To understand the data better in wide format I think it would be a good idea to have the percentages instead of actual numbers of delays and on time flights for each airline and destination. I will use the joined dataframe that was built before.

In [38]:
joined.head()

Unnamed: 0,Airline,FlightStatus,Destination,StatusFreq,TotalFlights,status_percentage
0,ALASKA,on time,Los Angeles,497.0,559.0,88.91
1,ALASKA,delayed,Los Angeles,62.0,559.0,11.09
2,AM WEST,on time,Los Angeles,694.0,811.0,85.57
3,AM WEST,delayed,Los Angeles,117.0,811.0,14.43
4,ALASKA,on time,Phoenix,221.0,233.0,94.85


I will use the pivot function to transform 'long' to 'wide' format. The index will be 'Airline' and 'FlightStatus, the columns will be created based on each 'Destination' the values will be 'status_percentage'. The order of the index columns are switched so we have the first 2 rows with the information about on time flights between both airlines.

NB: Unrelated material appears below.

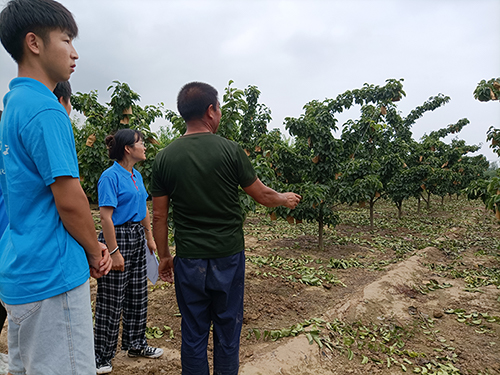 7月18日是实践团来到高青县的第一天,队员们一早便从山东理工大学乘公交车出发,经过一路的颠簸和不停的换车,我们来到了宫王赵村,勤快的赵爷爷也早早的骑着三轮车在村口等待着我们。坐在赵爷爷的电动车上,看天空澄碧,纤云不染,玉米生长的茂盛,碧绿一片仿佛要蔓延到天际,尤为壮观。第一站,实践团按照前期的规划,先后参观了当地的特色种植产业:桃林,帮助农民摘桃袋,参观家庭生态农业区等,村民们细心地向实践团队员讲解摘袋的技巧方法,“把缠在桃子柄上的铁丝绕开,一撕,袋子就拆下来了”在耐心地听完讲解和注意事项后,队员们便埋头干起来,烈日炎炎下,他们汗流浃背,深切体验到了农民耕种的艰辛,也学到了很多知识。赵爷爷还向队员们感叹道:“乡村振兴政策使我们村子发生了很大的变化,刚刚我们走过的水泥路本来是一片荒废了的山坡,因为脱贫攻坚铲平了,是我们拥有了更多的土地……”

The pivot data is sorted so we have 'on time' loaded first.

In [39]:
pivoted = pd.pivot_table(joined,index=["FlightStatus","Airline"], columns='Destination', values='status_percentage').sort_values(by='FlightStatus', ascending=False)
pivoted

Unnamed: 0_level_0,Destination,Los Angeles,Phoenix,San Diego,San Francisco,Seattle
FlightStatus,Airline,Unnamed: 2_level_1,Unnamed: 3_level_1,Unnamed: 4_level_1,Unnamed: 5_level_1,Unnamed: 6_level_1
on time,ALASKA,88.91,94.85,91.38,83.14,85.79
on time,AM WEST,85.57,92.1,85.49,71.27,76.72
delayed,ALASKA,11.09,5.15,8.62,16.86,14.21
delayed,AM WEST,14.43,7.9,14.51,28.73,23.28


This format can be use to present the information in an article that compares both airlines performance and easily detect which one is doing better.